**Task input:**

————

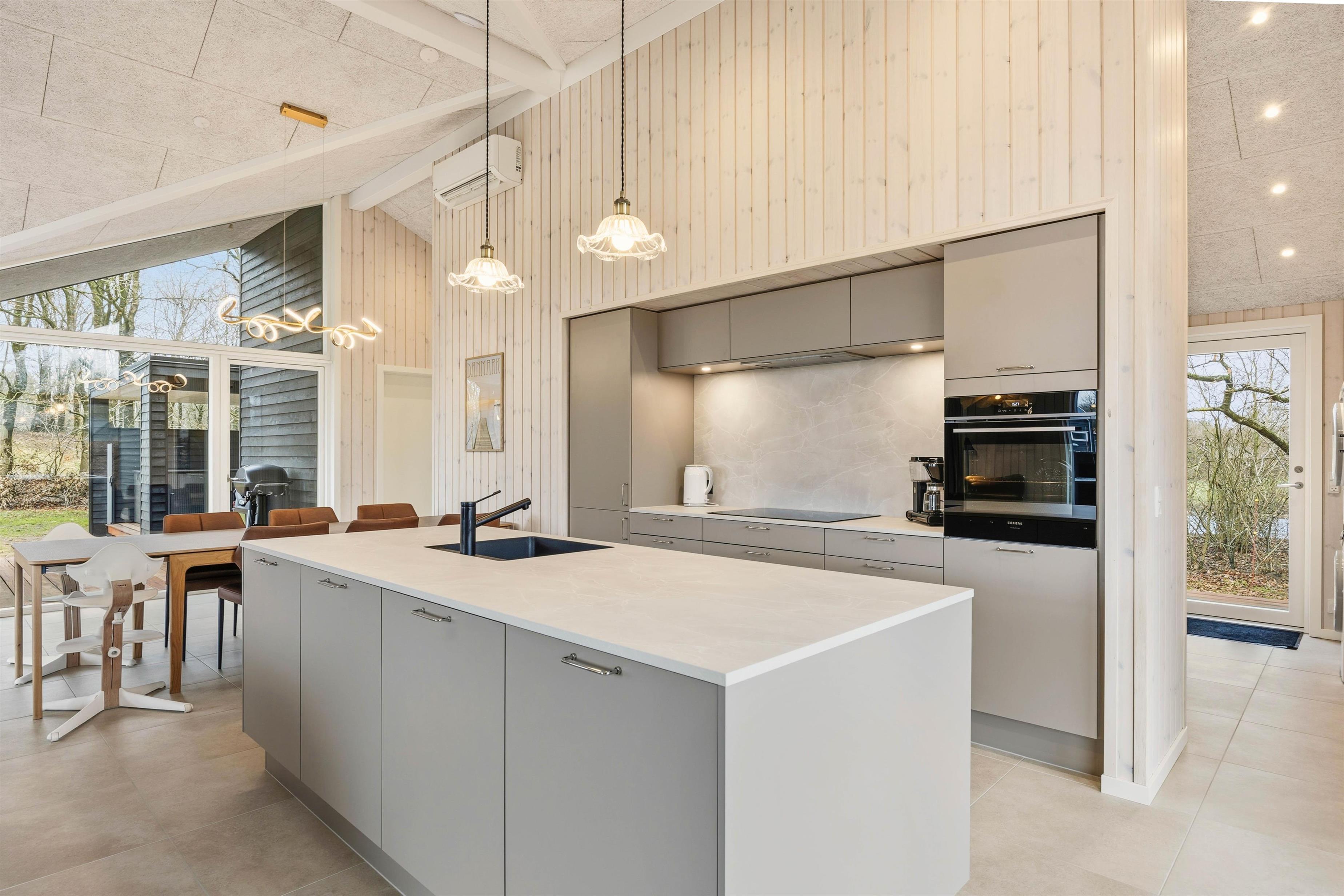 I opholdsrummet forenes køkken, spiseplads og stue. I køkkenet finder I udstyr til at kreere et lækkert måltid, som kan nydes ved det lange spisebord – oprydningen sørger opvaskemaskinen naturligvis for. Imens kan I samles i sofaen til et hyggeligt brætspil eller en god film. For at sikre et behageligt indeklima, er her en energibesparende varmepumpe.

————

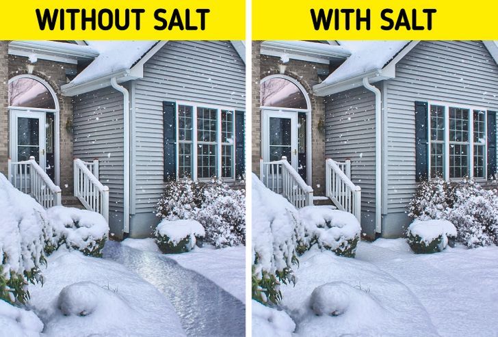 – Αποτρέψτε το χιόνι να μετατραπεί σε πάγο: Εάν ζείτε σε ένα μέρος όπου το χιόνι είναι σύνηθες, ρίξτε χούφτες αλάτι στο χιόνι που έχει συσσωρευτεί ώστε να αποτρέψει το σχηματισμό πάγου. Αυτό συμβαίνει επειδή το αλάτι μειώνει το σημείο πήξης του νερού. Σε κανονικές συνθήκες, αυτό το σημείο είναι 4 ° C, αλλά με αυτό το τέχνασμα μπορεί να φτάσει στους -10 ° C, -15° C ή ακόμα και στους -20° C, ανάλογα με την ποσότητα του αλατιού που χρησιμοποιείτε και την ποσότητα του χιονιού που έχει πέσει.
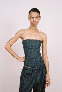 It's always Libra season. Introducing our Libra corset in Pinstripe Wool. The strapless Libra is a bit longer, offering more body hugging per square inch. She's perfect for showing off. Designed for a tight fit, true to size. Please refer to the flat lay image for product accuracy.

————

**Goal of the exercise:** Here the job is to copy the listing above word for word, starting at the line with "που έχει πέσει." and ending at the line with "It's always Libra", and to leave out the pictures.

**Written reply:**
 – Αποτρέψτε το χιόνι να μετατραπεί σε πάγο: Εάν ζείτε σε ένα μέρος όπου το χιόνι είναι σύνηθες, ρίξτε χούφτες αλάτι στο χιόνι που έχει συσσωρευτεί ώστε να αποτρέψει το σχηματισμό πάγου. Αυτό συμβαίνει επειδή το αλάτι μειώνει το σημείο πήξης του νερού. Σε κανονικές συνθήκες, αυτό το σημείο είναι 4 ° C, αλλά με αυτό το τέχνασμα μπορεί να φτάσει στους -10 ° C, -15° C ή ακόμα και στους -20° C, ανάλογα με την ποσότητα του αλατιού που χρησιμοποιείτε και την ποσότητα του χιονιού που έχει πέσει.
 It's always Libra season. Introducing our Libra corset in Pinstripe Wool. The strapless Libra is a bit longer, offering more body hugging per square inch. She's perfect for showing off. Designed for a tight fit, true to size. Please refer to the flat lay image for product accuracy.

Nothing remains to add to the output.